いくつかの疫学的データを分析するために ggplot と R を使用しようとしていますが、流行曲線を適切に表示するのに苦労し続けています。
データはこちら
attach(epicurve)
head(epicurve)
onset age
1 21/12/2012 18
2 14/06/2013 8
3 10/06/2013 64
4 28/05/2013 79
5 14/04/2013 56
6 9/04/2013 66
epicurve$onset <- as.Date(epicurve$onset, format="%d/%m/%Y")
ggplot(epicurve, aes(onset)) + geom_histogram() + scale_x_date(breaks=date_breaks("1 year"), minor_breaks=date_breaks("1 month"), labels = date_format("%b-%Y"))
はこのグラフを与える.これは問題ありませんが、ビン幅はどの期間にも関係がなく、調整には少し試行錯誤が必要です。

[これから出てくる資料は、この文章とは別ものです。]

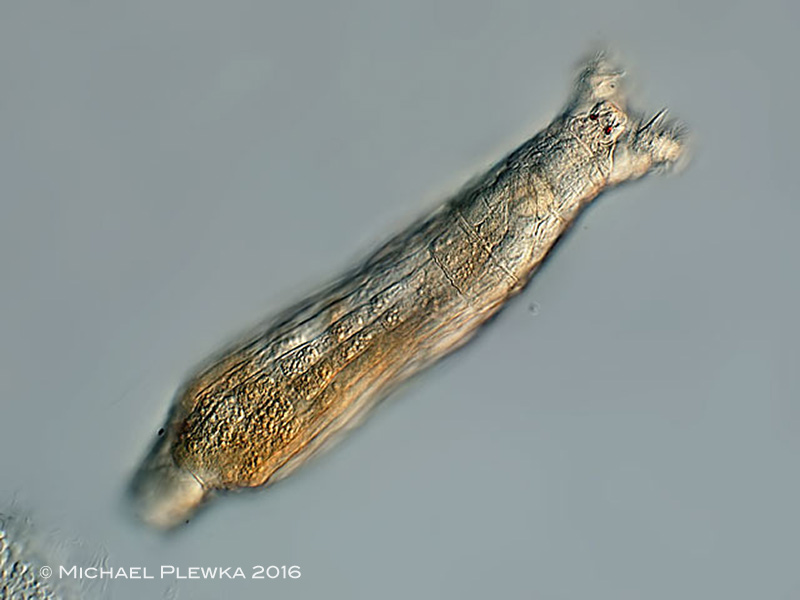 | Rotaria citrina: creeping specimen.This species is characterized by a yellowish cuticula of the trunk. The content of the stomach is usually light orange. Two red eyespots on the rostrum. (1) |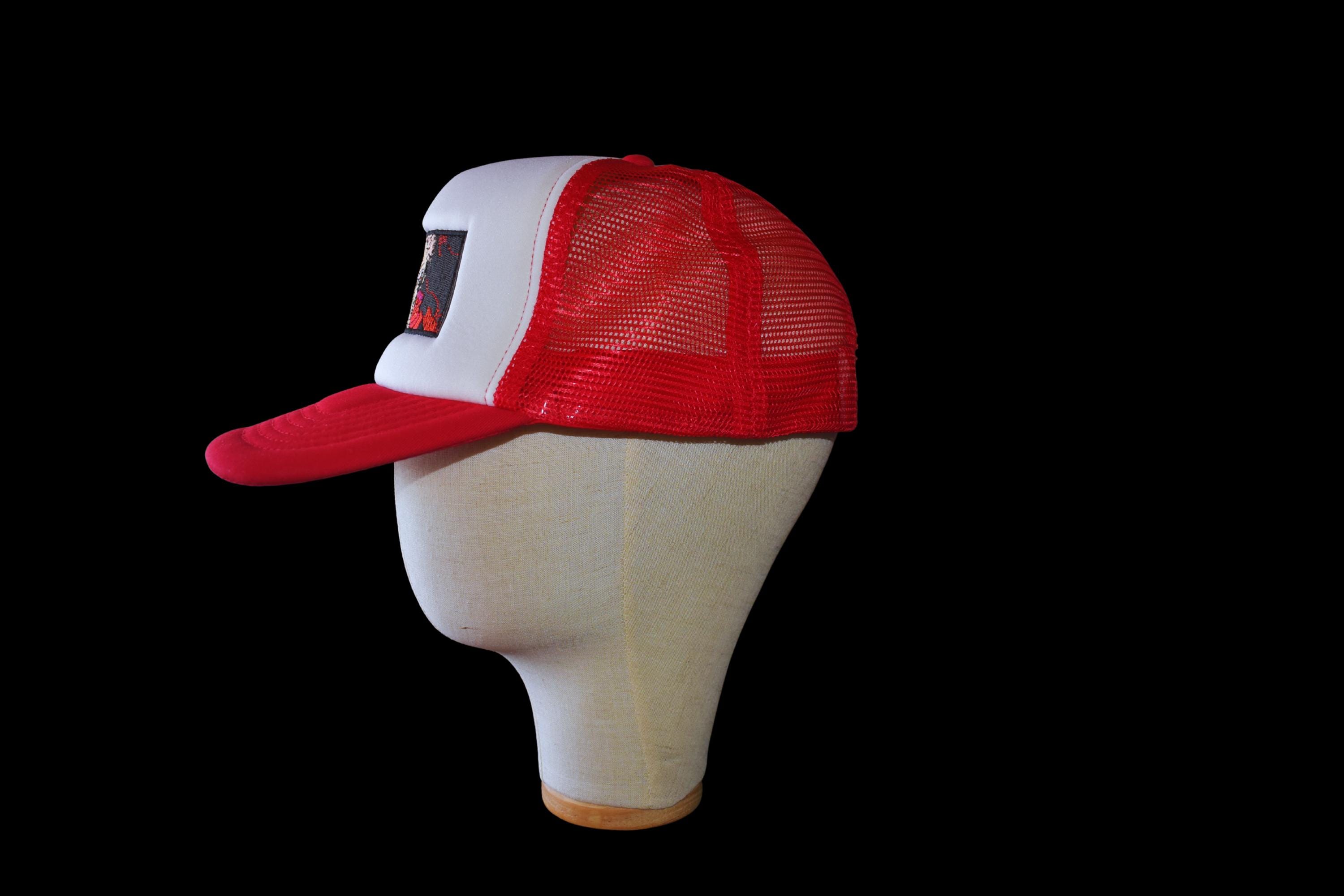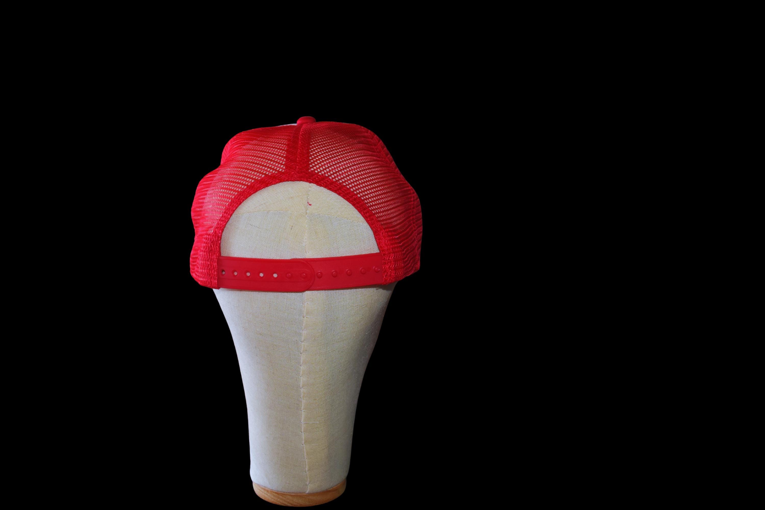 Vintage snapback trucker. Front panel 100% polyester, back panels 100% nylon. 5 panel cap with snap-tab adjustment.

この特定のデータセットについて、発症月ごとにケースを表示したいと思います。
これを行う方法を考え出した1つの方法は次のとおりです。
epicurve$monyr <- format(epicurve$onset, "%b-%Y")
epicurve$monyr <- as.factor(epicurve$monyr)
ggplot(epicurve, aes(monyr)) + geom_histogram()
評判システムのため投稿できないグラフを出力します。バーは意味のあるものを表していますが、軸ラベルは爆弾サイトです。scale_x_date
軸は日付ではないため、使用して軸をフォーマットできずscale_x_discrete
、便利なラベルを付けるために渡す引数を特定できません。
オンセット列で操作を行うことで、これを行う簡単な方法があるはずだと感じています。誰か私に指針を教えてもらえますか?